N/A, Neurodegeneration leads to Neuroinflammation

According to its definition, neurodegeneration includes the death of neurons. Therefore, the KER describing the link between cell death and neuroinflammation is also applicable to this KER. However in neurodegenerative diseases and in Alzheimer's disease in particular, neurodegneration is associated with accumulation of modified/aggregated proteins (insoluble amyloid; hyperphosphorylated tau), which are recognised as potential triggers of neuroinflammation:

Proteinopathies associated with neurodegenerative disorders like Alzheimer’s disease (AD) and Parkinson’s disease (PD) may be sensed as damage associated molecular patterns (DAMPs) and thus activate microglia within the CNS. In animal neurodegeneration models and post-mortem brain samples from  patients suffering from neurodegenerative disorders often revealed the presence of activated microglia and the accumulation of inflammatory mediators at the lesion sites, which suggests a continuous crosstalk between the brain immune system and the injured neurons during neurodegeneration. Microglial are typically activated acutely in response to an initial triggering insult, but their continued presence in large numbers around the lesion areas may actually promote neuronal death despite the absence of the initial triggering insult. Inflammatory factors being released by dying neurons and/or actively secreted from the activated microglia aid in maintaining the vicious cycle between activated microglia and damaged neurons (Thundyil and Lim 2015).

The fact that neuronal death can trigger neuroinflammation and that neuroinflammation can, in turn, cause neuronal degeneration, is known as a vicious circle, which is involved in the pathogeny of neurodegenerative diseases (Griffin et al., 1998; McGeer and Mc Geer, 1998; Blasko et al., 2004; Cacquevel et al., 2004; Barbeito et al., 2010; Rubio-Perez and Morillas-Ruiz, 2012; Thundyil and Lim, 2015).
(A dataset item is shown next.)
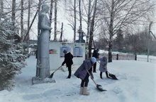 Укучылар авылдагы һәйкәлне җыештыруда катнаштылар һәм Ветераннарны искә алып чәчәкләр салдылар.
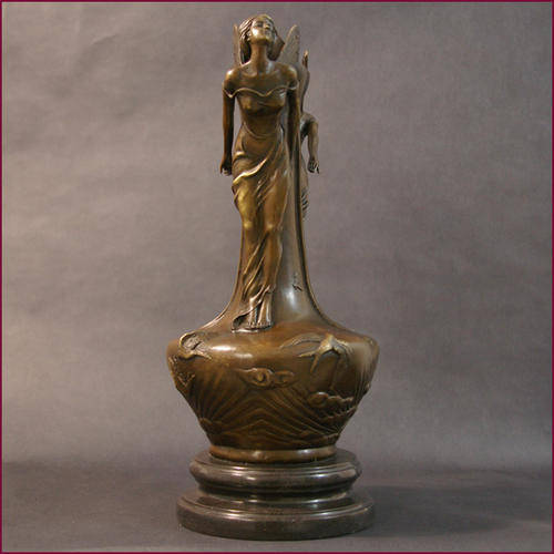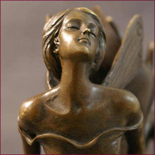 Melding sculpture and function, this classically shaped vase literally blossoms with two graceful fairies fraught with all the elements of organic Art Nouveau style. This Vase is totally made in bronze to highlight each detail from the fabric folds to the small wings.

Microglial cells are involved in the clearance of amyloid plaques (Querfurth and LaFerla, 2010), but can also be responsible for amyloid plaque formation (Streit and Sparks, 1997). As aging microglia seem to lose their ability to phagocytose (Floden and Combs, 2011), impaired clearance, as well as active deposition, can both contribute to amyloid plaque accumulation. 

Is it known how much change in the first event is needed to impact the second? Are there known modulators of the response-response relationships? Are there models or extrapolation approaches that help describe those relationships?

Quantitative evaluation of these KERs, when KEup and KEdown are measured in the same experiment in a dose and time dependent manner following exposure to DomA or GLF is not available.